|
Roads safe as they are
• COUNCILLOR Katie Dawson is, of course, wrong in demanding the imposition of a blanket 20mph speed limit on all residential roads without consulting residents. One has to breathe a sigh of relief that the council has rejected out of hand her even more extreme and rather silly idea of having this speed limit on every road in the borough, including main arterial routes.
She argues that the consultation process is too long-winded, and that the 20mph scheme in Highbury Fields was only introduced after five years of campaigning. As a resident of Highbury Fields I was certainly not aware of this five-year campaign, neither I suspect was any other resident.

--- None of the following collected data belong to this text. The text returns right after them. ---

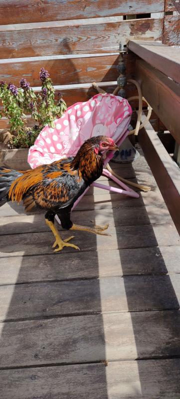 תרנגול תאילנדי זכר יפה וענק בגיל חצי שנה, שקט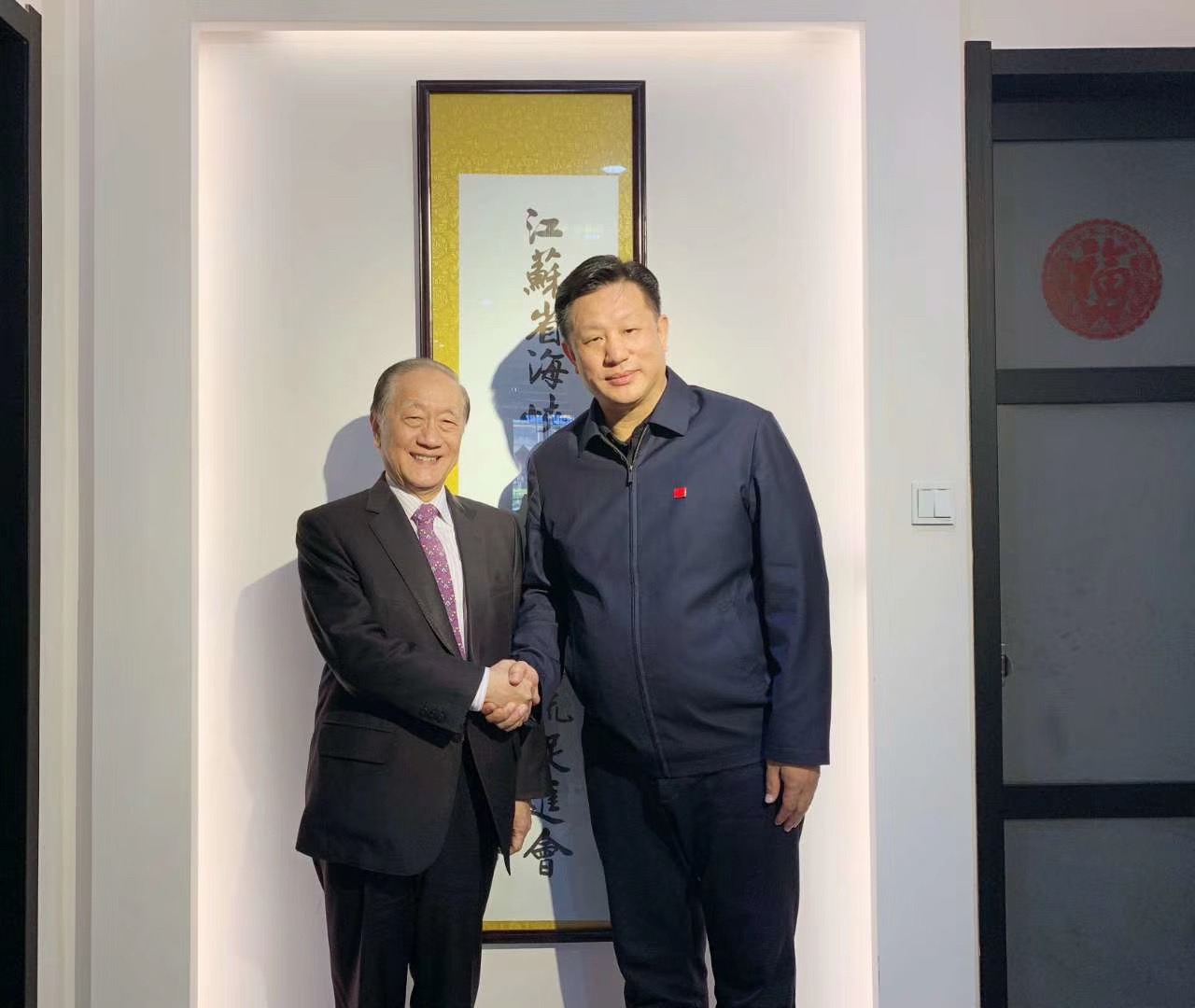 4月19日,台湾新党郁慕明主席再次来到海促会指导交流。海促会连庆涛会长与郁主席亲切交流,针对近针对近期两岸局势,郁主席指出,和平交流要有目标:和平统一、两岸愿景。直接说,不转弯抹角。黑就是黑,白就是白。郁主席强调,九二共识是在一个中国基础上,目的是追求国家统一、民族复兴。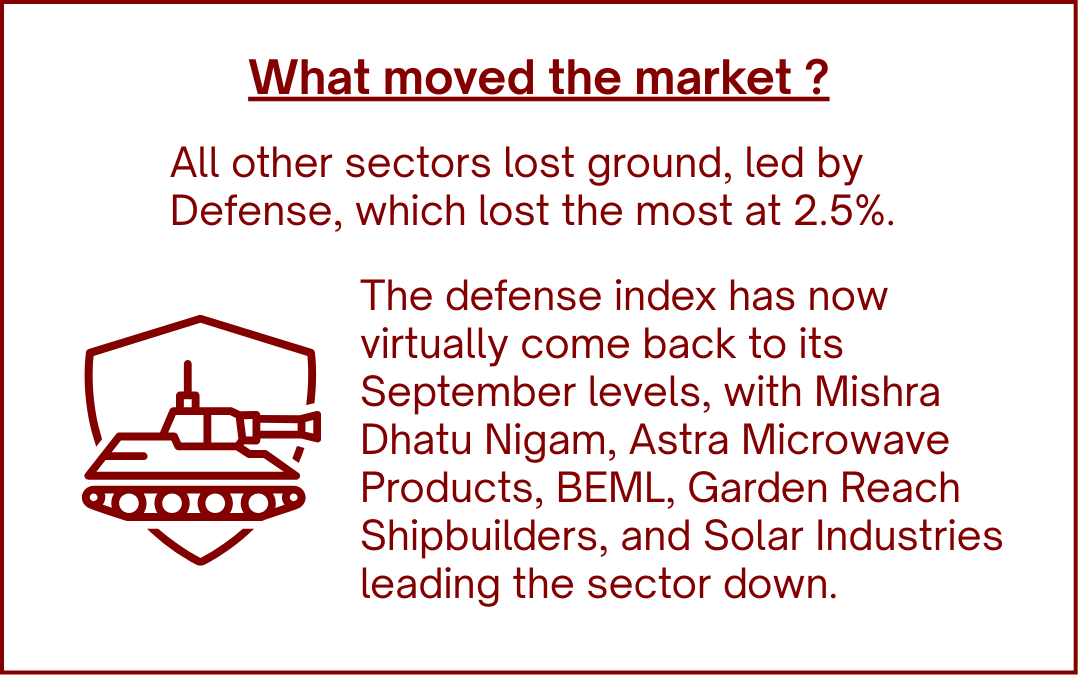 The weakness is more pronounced in the broader market. Nifty Junior was down more dramatically, at 0.98%, bringing it very close to its September lows.

This scheme was suddenly put forward in the summer of this year by the council, liaising with a small group of residents, after Transport for London (TfL) undertook to finance it to the tune of £250,000. Consultation took place a couple of months later, and its implementation has been fast-tracked under the threat of losing TfL’s money.
Even so, the Highbury Fields scheme is unnecessary and a waste of public money spent on a network of roads quite safe as they are. There have been only a handful of minor accidents around the Fields in the last few years, and most were in roads that already have speed humps, so they could not have been caused by cars going at excessive speeds.
The Royal Society for the Prevention of Accidents has admitted that only five per cent of road accidents are caused by excessive speed. If Jeremy Clarkson is to be believed, we will be hitting more children at such a slow speed, but, don’t worry, the good news is that fewer of them will be killed. What a strange and dangerous kind of logic.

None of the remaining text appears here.